In order to design a flow system containing a turbine for maximum power production and to run it at maximum power, engineers need to find the optimal pressure drop across the turbine as a fraction of the total available system pressure difference. The design flow rate through the system determines the size and cost of the plant flow passages as well as the size, design and cost of the turbine. In the design phase some iterative algorithm may suffice to find the optimum, but a simple analytical method would be more convenient in a control algorithm. It could also serve to set up test cases for more comprehensive methods.

Many solar chimney investigators have made the assumption that the optimum ratio of pt/pp is 2/3, (Haaf et al., 1983; Lautenschlager et al., 1984; Mullett, 1987; Schlaich, 1995). In more detailed calculations Schlaich (1995) apparently used an optimum value of pt/pp = 0.82 as evident from the values of pt and pp reported in tables. Hedderwick (2001)
presented graphs showing values around 0.7. Von Backstrom and Gannon (2000) used the 2/3 assumption only for optimization at constant available pressure difference, but Gannon and Von Backstrom (2000) employed an optimization procedure under conditions of constant solar irradiation. Schlaich et al. (2003) reported a pt/pp value of about 0.80, while Bernardes et al (2003) reported a value of as high as 0.97. The wide variation in values warrants further investigation.

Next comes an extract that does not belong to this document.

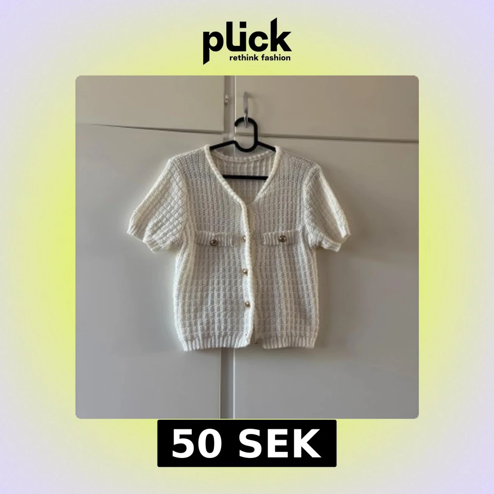 Säljer en vit stickad kofta med korta ärmar och snygga guldfärgade knappar framtill. Koftan har två dekorativa fickor på bröstet och ett ribbat mönster som ger en cool textur. Perfekt för dig som gillar en chill och trendig look.
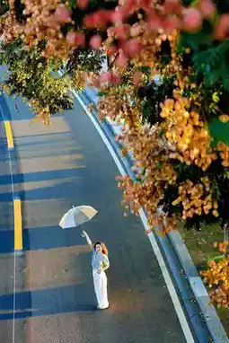 4. Outfit Suggestion: Wear a long, flowing dress (light colors or Morandi colors are best). When the wind blows the skirt, capture it in the same frame as the falling golden rain tree seeds, creating a lively and gentle look, instantly making you the star of an autumn photoshoot.

The question is the existence or not of a relevant optimum pt/pp in solar chimney power plants, and how to determine it. Even under conditions of constant solar irradiation the pressure potential of a solar chimney plant is not fixed but is a function of the air temperature rise in the collector, which varies with flow rate.

The first objective of this paper applies to any general process where the pressure potential is not constant and the system pressure drop is not necessarily proportional to the flow rate to the power 2.0. The objective is to derive simple, generally applicable equations for the determination of the volume flow for maximum fluid power (MFP) and the associated ratio of turbine total pressure drop to pressure potential. The second objective applies to solar chimney power plants. It is to derive equations for finding the optimum flow rate and pt/pp conditions as dependent on the relevant design and operating conditions of the plant, using a simple solar collector model.